Capsicum vs Pledge in a Network Management Tool

So one of the big goals of dhcpcd was to implement Privilege Separation. This was achieved in dhcpcd-9 which was important because it was a required step of work to merge dhcpcd into FreeBSD base system. Once done, we can then look at what is required to enable Capsicum support, which is the last required step before dhcpcd can even be considered for importing into FreeBSD base system.

The good news is that basic Capsicum support has been enabled in this commit by ensuring all the file descriptors of the network facing processes are limited in their capability. The bad news is that capability mode is only enabled for the BPF processes- the end goal is that the master process is at least placed in capability mode.

So what’s the problem? Well, the first problem is that Capsicum is really hard to use, a lot of this is not helped by the documentation. It took a long time to work out how it works and how to use it. The second problem is that capability mode is really hard core- it stops a lot of stuff working dead in it’s tracks by killing access not capability limited in the global namespace.

From dhcpcds perspective the big issue is that gethostname(3) and getifaddrs(3) won’t work. This is the biggest show stopper, hard to IPC.

EDIT: gethostname(3) does work in Capsicum capabilities mode.

Let’s just take a moment to talk about getifaddrs(3)- it’s a really powerful interface to work out what interfaces are available to work with. In some OS it’s the only mechanism to get the hardware address assigned to an interface. Also, it’s possible for the route(4) (or netlink(7)) socket to overflow so it’s required to re-learn the system state which means it cannot be cached. Not that FreeBSD supports reporting route(4) overflow, but that’s another story.

Due to the getifaddrs(3) show stopper, I decided to look into OpenBSDs pledge(2). While the documentation is still very technical, it’s easier to read and understand compared to Capsicum. It’s also really really really easy to implement in comparison as you only pledge features rather than each file descriptor. Because of this, it’s also very granular. The initial commit to enable pledge is mainly allowing the current ioctl IPC framework to pass data back again.

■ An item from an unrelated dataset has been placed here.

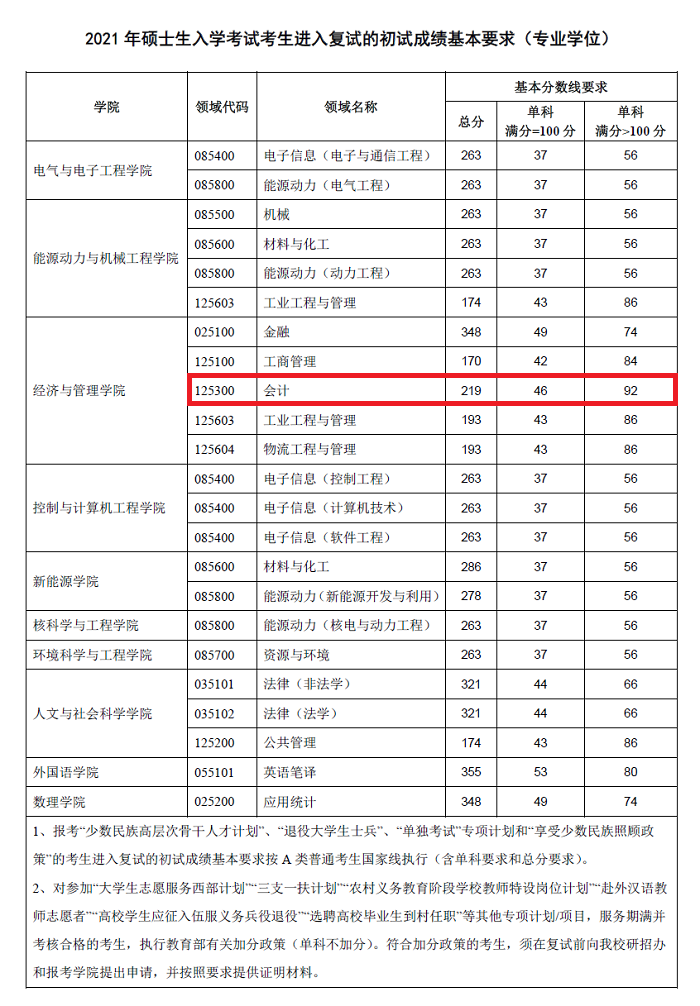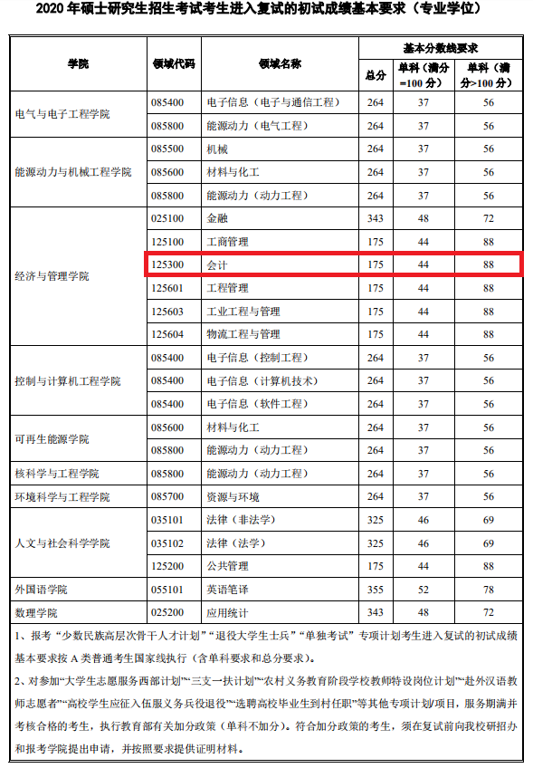 华北电力大学2020年MPAcc复试分数线的基本要求:175/44/88

But can we do better? Can we operate with the same Pledges that OpenBSDs dhclient(8) uses? The answer is of course YES! By caching some initial data that does not change such as utsname and machine uuid AND moving all file IO to privsep, this commit allows almost perfect Pledge support. We could go better if privsep gains support for the SIOCGIFGROUP ioctl as this would allow the inet pledge to be dropped. It’s not quite perfect because a Pledged process cannot change a BPF filter. We would need to space a BPF process per address which is then limited by the number of BPF instances you are allowed. I’m not sure this a good thing, and ironically BPF processes are the one thing we have in Capsicums capability mode. This is also a massive improvement over the initial dhcpcd-9 release because it means we no longer need any files in the chroot directory and /var/empty can be used again. This alone should make current and new FreeBSD users of dhcpcd quite happy. It will also go some way to enabling capabilities mode for the master dhcpcd process in the future.

Now, I can’t say which technology is more secure- that’s really not my field of expertise. I can’t even say if either are really needed or actually make security worse because Privilege Separation IPC adds more code, complexity and as such could make it more prone to bugs some of which could be a security attack vector in itself.

But what I can say is that Pledge is much easier to develop for because it’s really granular unlike Capsicum which is either on or off or per fd limited.

I’ll continue working on Capsicum support in dhcpcd just to see if I can enable Capabilites Mode in the master process. When that’s finished I will do a more in-depth comparison of these two technologies.